The manufacturing industry gains on many fronts with deep learning: smart maintenance, improved product development and quality assurance, robots to handle complicated and dangerous processes, supply chain management, logistics. Deep learning in the manufacturing industry is already happening, with Siemens and General Electric taking big strides in AI-based manufacturing.

Challenges to Deep Learning/AI

Deep learning revolves around large amounts of high-quality data. That will always remain a challenge that will have to be met when developing deep learning models.

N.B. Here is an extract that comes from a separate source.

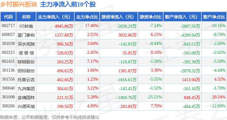 从资金流向上来看,当日乡村振兴板块主力资金净流出6.88亿元,游资资金净流入2.88亿元,散户资金净流入4.0亿元。乡村振兴板块个股资金流向见下表: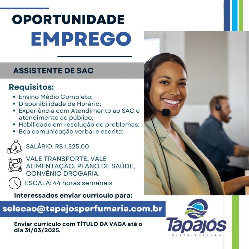 Distribuidora Tapajós seleciona Assistente de sac; Envie seu currículo!

Two domain-specific specific problems apply to deep learning. First, deep learning cannot understand perspectives or abstract ideas like justice, democracy, faith, etc. The second is the ‘black-box’ problem: unlike a normal program that can be debugged to find what caused a faulty decision, deep learning is opaque. If a deep learning machine makes a mistake, you cannot pinpoint the cause of the error.

While deep learning could solve cybersecurity challenges of the future, deep learning systems will remain prone to the insider threat — when your employee, rather than an intruder, compromises your assets.

Deep learning systems also need periodic retraining. Because there will always be deficiencies in prior training data compared to the current environment, training a deep learning system will never be a one-time exercise.

A Cause for Hope

Despite its roots dating way back to the 1940s, deep learning is still in a stage of infancy. The good part is that immense advances have been made over the last decade, and the future promises to usher in the exponential growth of this technology. If a deep learning model does not yet exist for your project, you probably just have to wait a little longer.